The exercise from my schoolbook asks us to normalize a relation to 2NF and then to 3NF.
R (ABCDEF)
F = {AD->FE, BC->E, FEA->D, AC->DE, F->E, BD->A, F->C, ABC->AEF, B->F}
Following the book, I minimized the functional dependencies to
F = {AD->F, AC->D, BD->A, F->E, F->C, B->F}
Now we can find the keys:
{AB} and {BD}
Next,
B->F
breaks 2NF, since a non-key attribute depends on a part of a key. So we divide our relation into two new tables:
R1 (BFEC) and R2 (ABD)
Here I get lost. Those new tables need to inherit the functional dependencies, so I did this:
F1 = {F->E, F->C, B->F} and F2 = {BD->A}
I was trying to base which relation gets which dependency on the attributes and pairing them together. However, that leaves two functional dependencies from the original set:
AD->F, AC->D
How do I figure out the new functional dependencies for each new table that I create in the process of normalization?
Suppose we want to losslessly decompose so that an FD (functional dependency) that holds in an original relation also holds in one of the components and so holds in their join. We can do this using the FD's attributes for one component while getting another component by dropping the determined attributes from the original, as long as the components share the attributes of a CK (candidate key) of one of them. You will have been told that that is so. Here for problematic FD B -> F that suggests decomposition {ABCDE} & {BF}, since common attribute set {B} is a CK of the latter.

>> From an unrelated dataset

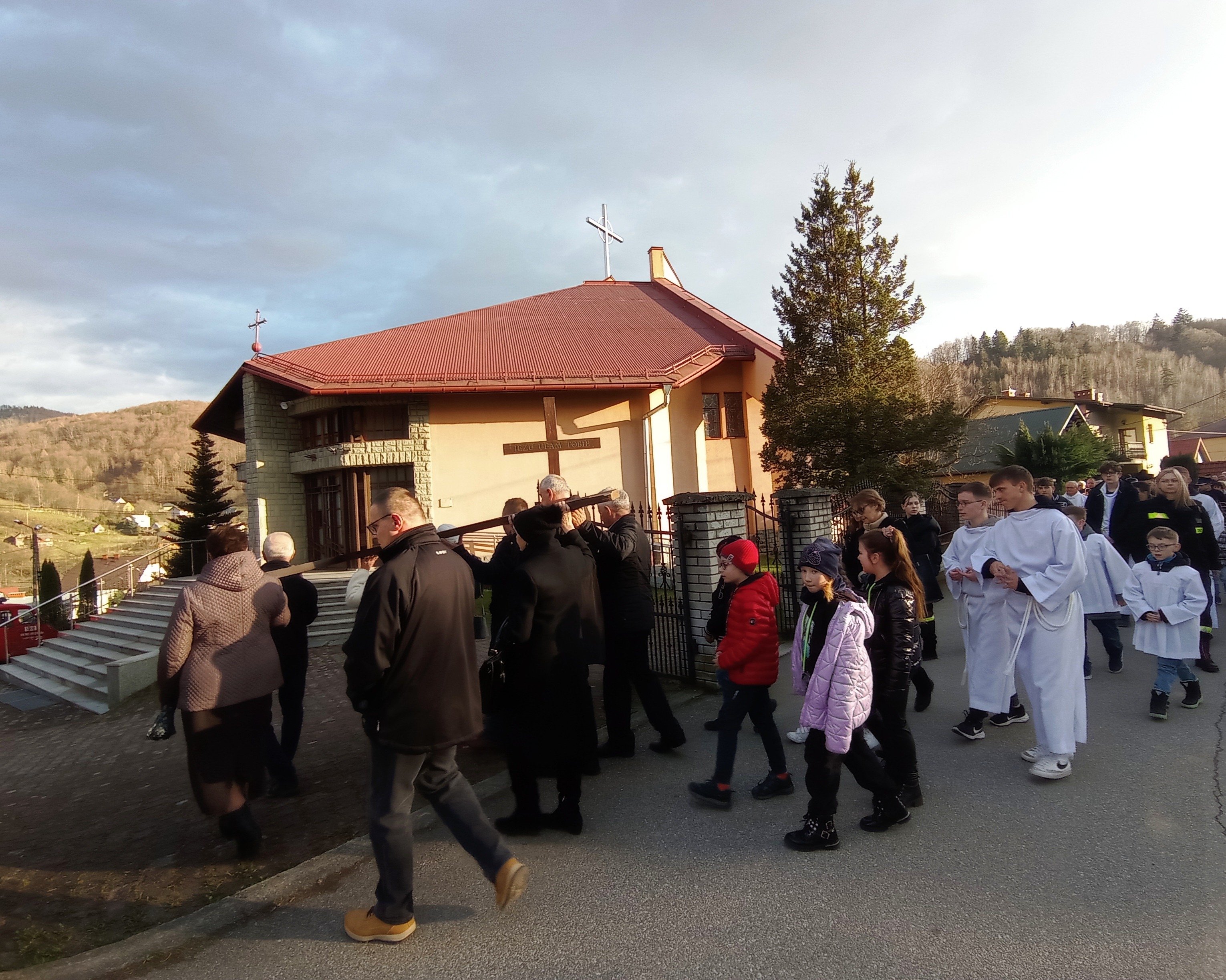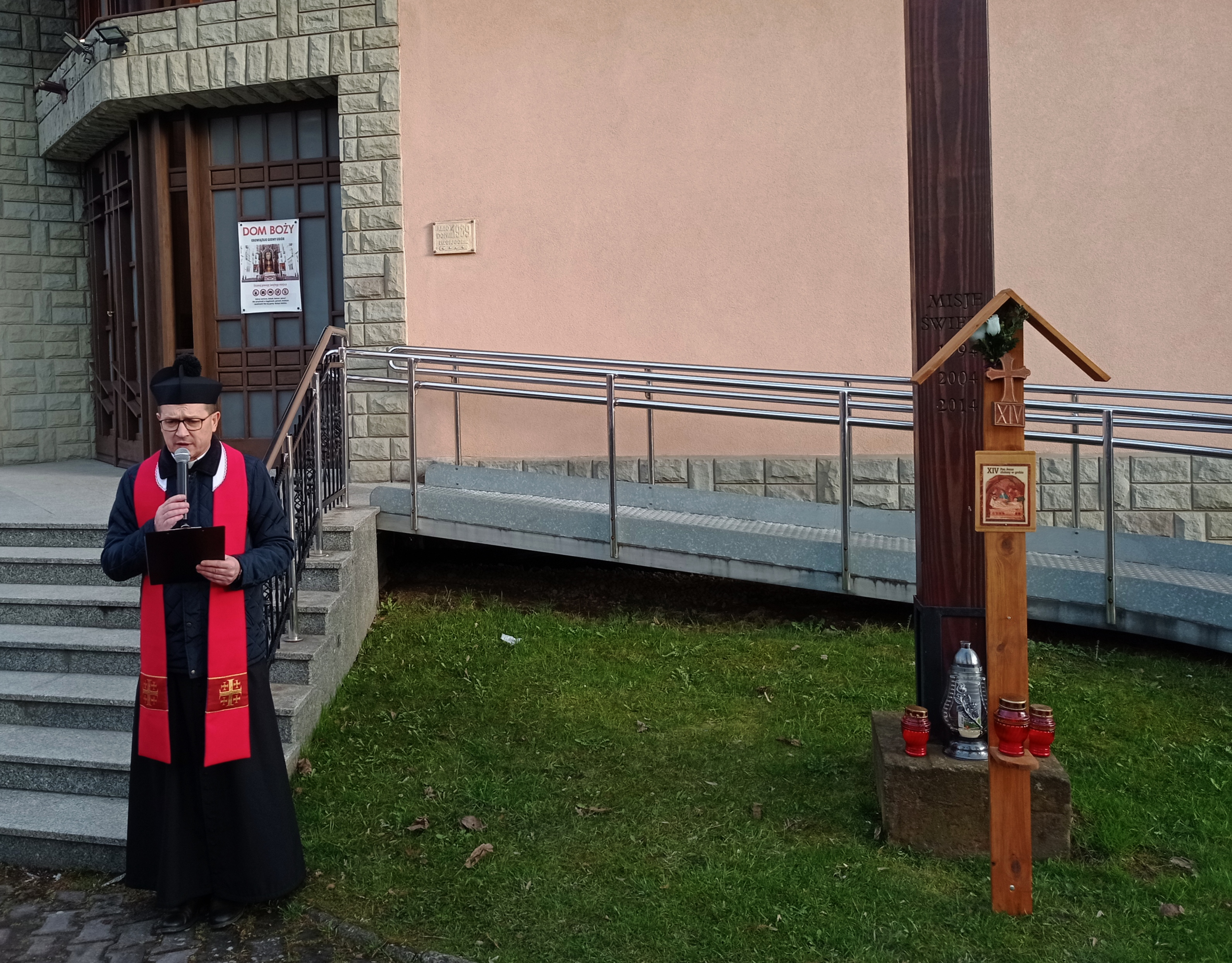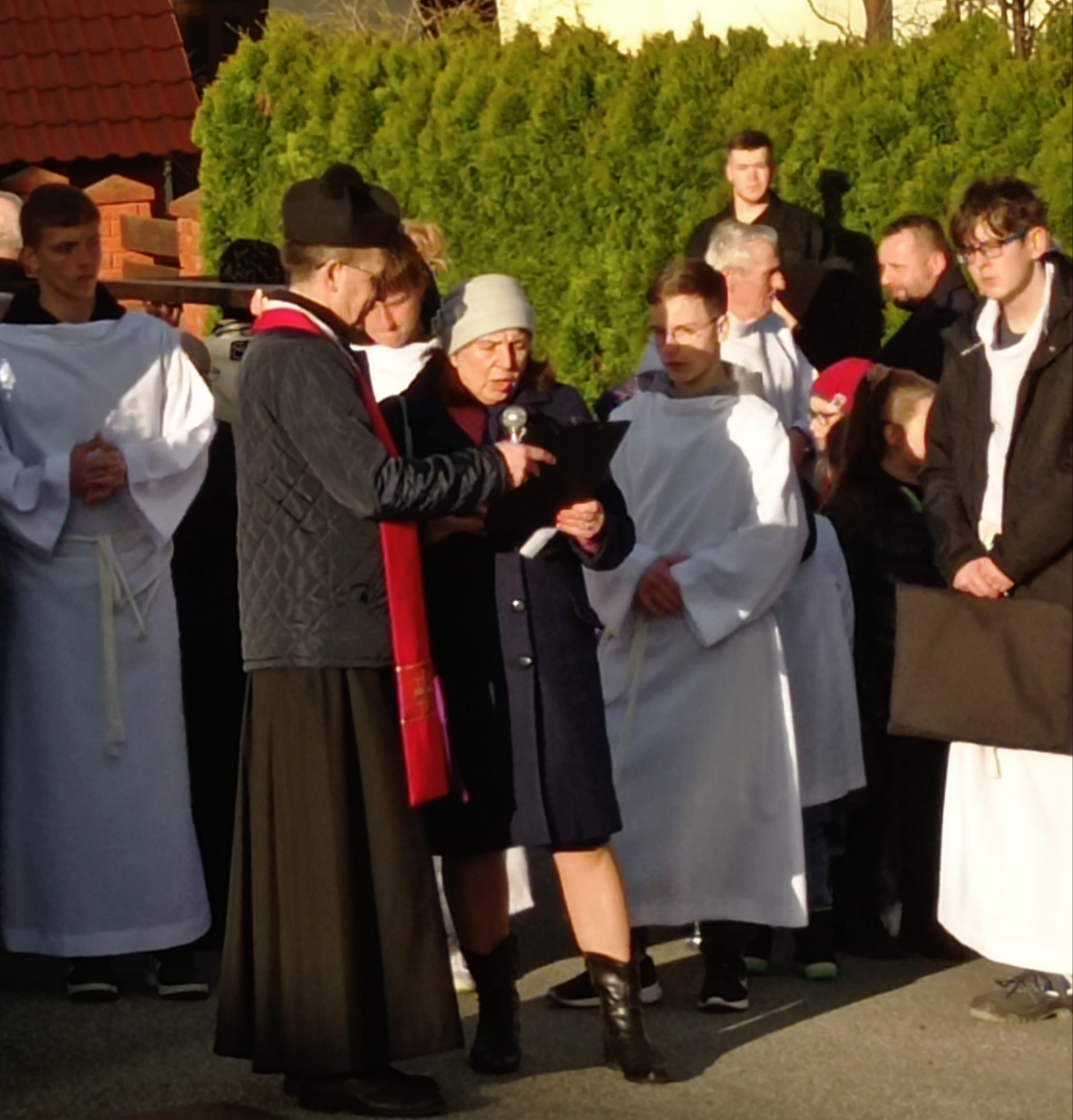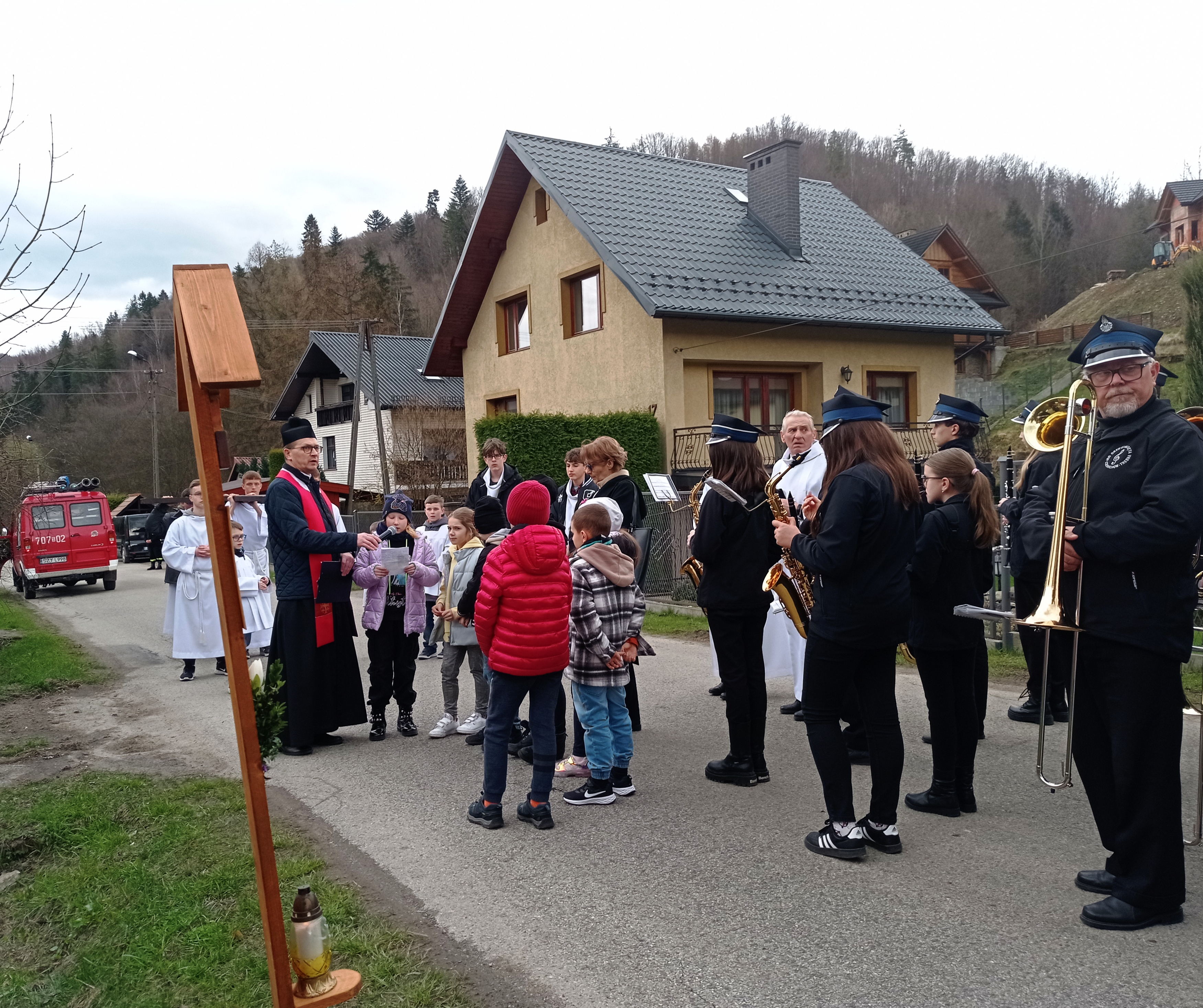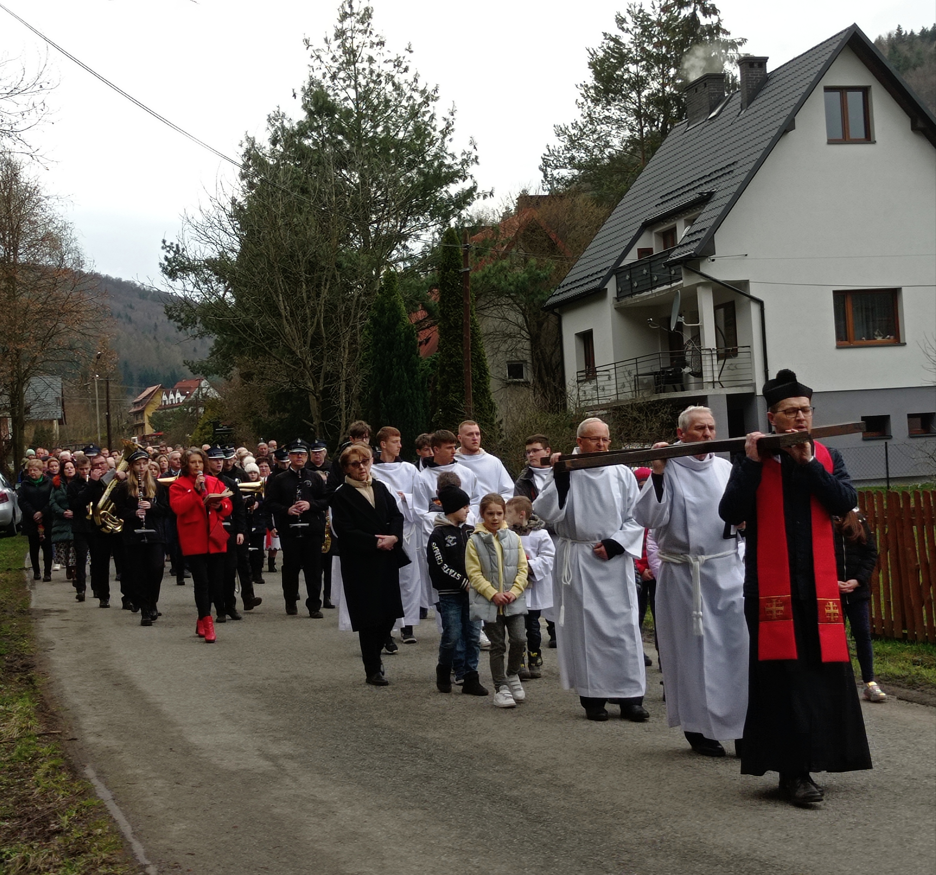 Rozpoczęcie rozważań Drogi Krzyżowej – krzyż nieśli członkowie poszczególnych grup parafialnych, przedstawiciele stanów: dzieci, młodzieży, dorosłych. Towarzyszyła nam Orkiestra Dęta.

So we need to "divide" our relation into two new tables : R1 = (BFEC) and R2 = (ABD)
That is not a lossless decomposition given these FDs, and it's not clear why you think it is. (The shared columns {B} don't include a CK of one of those components.)
(The term is not "divide", it is "decompose". It's not clear why instead of using the right term you used a different term that doesn't mean that, while even using scare quotes to show that you know it doesn't mean that, while not even saying what you do mean by it.)

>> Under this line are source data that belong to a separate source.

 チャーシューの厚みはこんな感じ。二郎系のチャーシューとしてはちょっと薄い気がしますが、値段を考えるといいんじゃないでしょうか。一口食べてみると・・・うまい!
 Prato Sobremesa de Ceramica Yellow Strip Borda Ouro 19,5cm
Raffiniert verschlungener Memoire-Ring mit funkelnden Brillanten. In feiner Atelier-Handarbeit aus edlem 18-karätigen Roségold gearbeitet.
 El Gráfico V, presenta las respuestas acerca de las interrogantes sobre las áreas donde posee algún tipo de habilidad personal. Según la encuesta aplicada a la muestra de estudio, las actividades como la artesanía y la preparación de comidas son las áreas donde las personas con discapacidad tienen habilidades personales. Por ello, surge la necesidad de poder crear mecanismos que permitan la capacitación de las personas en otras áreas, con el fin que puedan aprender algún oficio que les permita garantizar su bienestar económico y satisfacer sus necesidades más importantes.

You can't just take the subset of FDs in a cover that hold in a component as a cover for the component. You need to see which of all the original FDs that hold have the component's attributes & so hold in the component. Why? A cover is a set of FDs that imply all the FDs that hold & no others. There might be a FD holding in the component that isn't in the cover but is implied by sets of FDs that are. If all those sets include FDs whose attributes aren't in the component then that FD won't be implied by the subset of FDs of the cover that have attributes in the component. So that subset won't be a cover for the component.
Decomposing by splitting off some FD as described above might mean that some non-trivial FD that holds in the original doesn't have all its attributes in either component and so doesn't hold in them. (Notice also that the FDs that hold include all the ones implied by the listed ones, given by Armstrong's axioms, not just the listed ones.) Then although we would have a lossless decomposition, we couldn't check that the latter FD holds in the join of the components by checking that it holds in the components. This is called not preserving that FD. But it turns out that we can always normalize to 3NF while preserving FDs. That is why we don't normalize to a NF (normal form) by going through lower NFs or by randomly picking FDs, but instead use an algorithm specially designed to get to that NF while preserving FDs.
Find & follow an information modelling & relational database textbook. (Dozens are free online, also academic slides & courses.)
Here is Bernstein's FD-preserving 3NF "synthesis" algorithm from some slides by Ullman:
Given: a relation R and a cover F for the FDs that hold in R
- Find C, a canonical cover for F
- For each FD X -> Y in C, create a relation with schema XY
- Eliminate a relation if its schema is a subset of another
- If none of the schemas created so far contains a CK of R, add a relation schema containing a CK of R
Since this preserves FDs & 3NF implies 2NF, its output is also a 2NF schema with FDs preserved. (Its output is actually in EKNF, slightly stronger that 3NF.)